Akzo v. Dow, appeals denied
Yes, Teva was cited:
Evaluation of summary judgment of noninfringement is a two-part inquiry: construing the claims and comparing the properly construed claims to the accused product. Abbott Labs. v. Sandoz, Inc., 566 F.3d 1282, 1288 (Fed. Cir. 2009). We review de novo the ultimate interpretation of a claim term and the evidence intrinsic to the patent. Teva Pharm. USA, Inc. v. Sandoz, Inc., 574 U.S. ___, 135 S. Ct. 831, 841 (2015). When a district court makes factual findings about extrinsic evidence, we review those subsidiary factual findings for clear error. Id. at 835, 841
And
Dow suggests that, in affirming the district court’s construction, we run afoul of the principle that courts may not redraft claims to sustain their validity. Appellee’s Br. 67–68 (discussing Chef Am., Inc. v. Lamb-Weston, Inc., 358 F.3d 1371 (Fed. Cir. 2004)). Dow’s reliance on Chef America, however, is misplaced.
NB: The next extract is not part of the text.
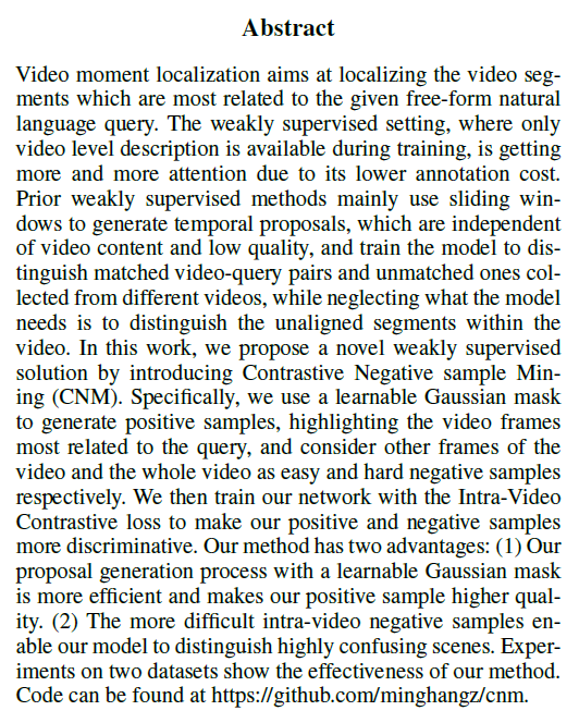 안녕하세요, 오늘의 X-Review는 22년도 AAAI에 게재된 논문 <Weakly Supervised Video Moment Localization with Contrastive Negative Sample Mining>입니다. Video Localization 관련된 논문에 북경대 Yang Liu 교수님이 굉장히 자주 보이네요. 교수님 때문에 읽은 것은 아니고, 현재 작업중인 ACM MM 논문의 Weakly supervised Temporal Action Localization(WTAL) task에서 활용중인 text 정보를 weakly-supervised 상황에서 어떻게 효과적으로 이용할 수 있을지에 대한 아이디어를 얻고자 읽었습니다. 22년도 방법론이다보니 그리 복잡하지는 않고, 오히려 간단한 모델링으로 temporal annotation이 없는 상황에서 당시 좋은 성능을 기록한 논문입니다.
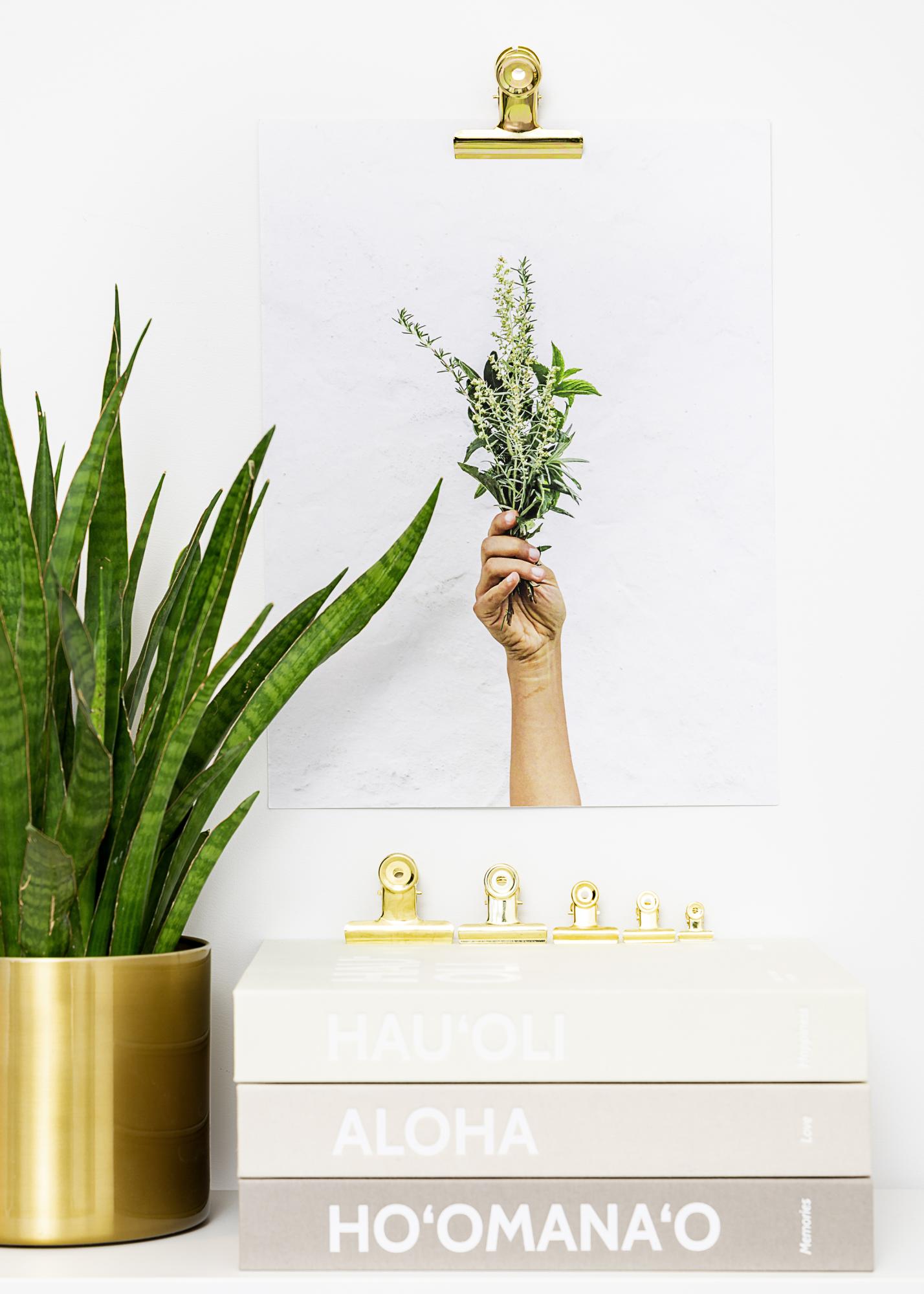 Une pince en métal dans une finition dorée élégante et brillante qui donne à vos posters et affiches une suspension tendance et minimaliste. Le design de la pince pour poster est élégant et les trous dans le haut rond permettent de la fixer facilement au mur sur un petit clou ou une vis. L'ouverture de la pince a une bonne prise qui vous permet d'accrocher le papier le plus fin, alors qu'elle est également flexible et permet la suspension de motifs d'épaisseur variable. Si vous souhaitez accrocher un grand poster, utilisez deux pinces en métal pour de meilleurs résultats.

In affirming the district court’s construction, we are not redrafting the claims, but rather construing the claims to require the heightened temperature range to apply to the elevated temperature phases in accordance with the specification. Eidos Display, LLC v. AU Optronics Corp., 779 F.3d 1360, 1367–68 (Fed. Cir. 2015) (“Determining how a person of ordinary skill in the art would understand the limitation, however, is different from rewriting the limitation.”); Wellman, Inc. v. Eastman Chem. Co., 642 F.3d 1355, 1366–67 (Fed. Cir. 2011).